New York (United States). A wind of change is blowing through the American Museum of Natural History (AMNH) in New York. Its monumental entrance facing Central Park is no longer guarded by the statue of former President Theodore Roosevelt, his benefactor, which showed him on horseback dominating an African and a Native American. The long-maligned sculpture was removed earlier this year after intense controversy fueled by the escalation of the Black Lives Matter movement over the summer of 2020. Inside, a renovated gallery dedicated to Native American cultures from Pacific Northwest also wants to reorient the discourse of the museum towards more “Inclusion, Diversity and Equality”announced prelude of a revolution in progress.
Recounting the “lived experiences” of Native Americans
Le « Northwest Coast Hall » [voir ill.] is the oldest gallery in the museum. Inaugurated in 1899 by Franz Boas, a leading anthropologist at the time, it had changed little in appearance in almost a century. It took five years and 19 million dollars (18.1 million euros) to give it a new face, which visitors can discover since May 13: jointly designed by Peter Whiteley, curator in charge of northern ethnology -American at the museum, and Haa’yuups, head of the house of Takiishtakamlthat-h of the Huupa’chesat-h First Nation located on Vancouver Island in Canada, the new exhibition aims to focus on the “lived experiences” by indigenous peoples around the thousand or so objects it brings together.
In its day, Franz Boas’s presentation was considered a model of its kind, with an avant-garde discourse: whereas other museums, in particular the Smithsonian Institution, still characterized the Amerindian peoples as “savages”at “civilize”, Boas showed that these objects were the product of sophisticated civilizations. A supporter of “cultural relativism”, he argued that the beliefs and behaviors of a human group depended on its environment and that societies could therefore not be hierarchized. “It was quite revolutionary”, comments Peter Whiteley. Despite everything, the speech of the room, in places very paternalistic, had aged rather badly and needed to be updated.
Objects selected by the tribes themselves
The sixty-seven totem poles and monumental sculptures, essential social and religious emblems in the cultures of the Pacific Northwest, now stand out against the walls painted in a deep blue, supposed to evoke the landscapes of the azure fjords of the region. The original pavement of the long room has been preserved, but the eight alcoves and four corner galleries that once structured it have been completely opened up, making the passage from one section to the other much more fluid. The showcases have also been redesigned to accommodate objects of all kinds and sizes, the previous ones being too hollow, created mainly for the exhibition of hooks, Franz Boas’ hobby.
These objects, headdresses, baskets, dishes, ceremonial instruments or a large canoe carved from a trunk of red cedar suspended from the ceiling, are much more numerous and much more diverse than in the original presentation and had for the most have never been shown to the public. Many have been unearthed from museum storage by representatives of the ten nations whose cultures are represented. This is one of the salient features of this renovation: in addition to having called on an Amerindian curator, in the person of Haa’yuups, the museum wanted to associate with the design of each of the ten sections of the exhibition a group of experts and witnesses from the mentioned tribe.

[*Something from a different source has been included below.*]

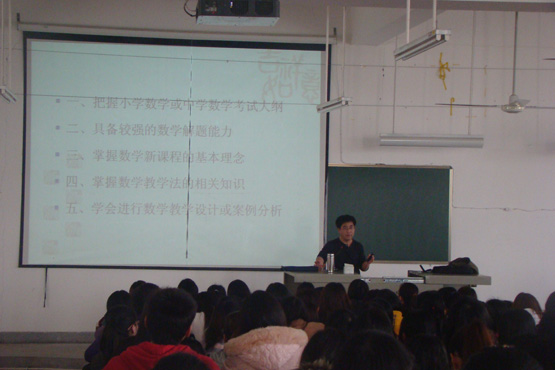 李祎教授、博导在励志120教室为数学系300多名学生做了一场“基于新课程理念的数学教学设计与案例分析”的精彩讲座。

The result is a presentation that emphasizes the spiritual and functional functions of the objects for the people who made them and who used them. Many cartels are written in the first person and give voice to Native Americans, in the form of testimonials or user manuals. Contextual inserts are ubiquitous throughout the gallery, which overflows with texts, images and videos offering so many opportunities for communities to share their perspectives, including the most critical ones, on their stories and their objects: the different forms of government repression of their culture is mentioned, as is the colonization of their land or even the theft of their objects for the benefit of museums. “I still believe that these objects belong to us”, indeed regrets Haa’yuups, who agreed to participate in the renovation project because he does not believe likely, in the short term, a large-scale restitution of these objects. It is however a recurring request from the tribes concerned: for many of their representatives, who came to discover the new gallery during a ceremony on May 4, to see these artefacts, to which they attribute spiritual power, confined in a museum see imprisoned. In a press release, the museum announced that it had opened discussions for a “limited restitution process”because that’s the whole paradox of this new gallery: how can you refuse to return the objects when so much emphasis is placed on their spiritual faculties, their role in the communities and the tumultuous history of their acquisition by the museum?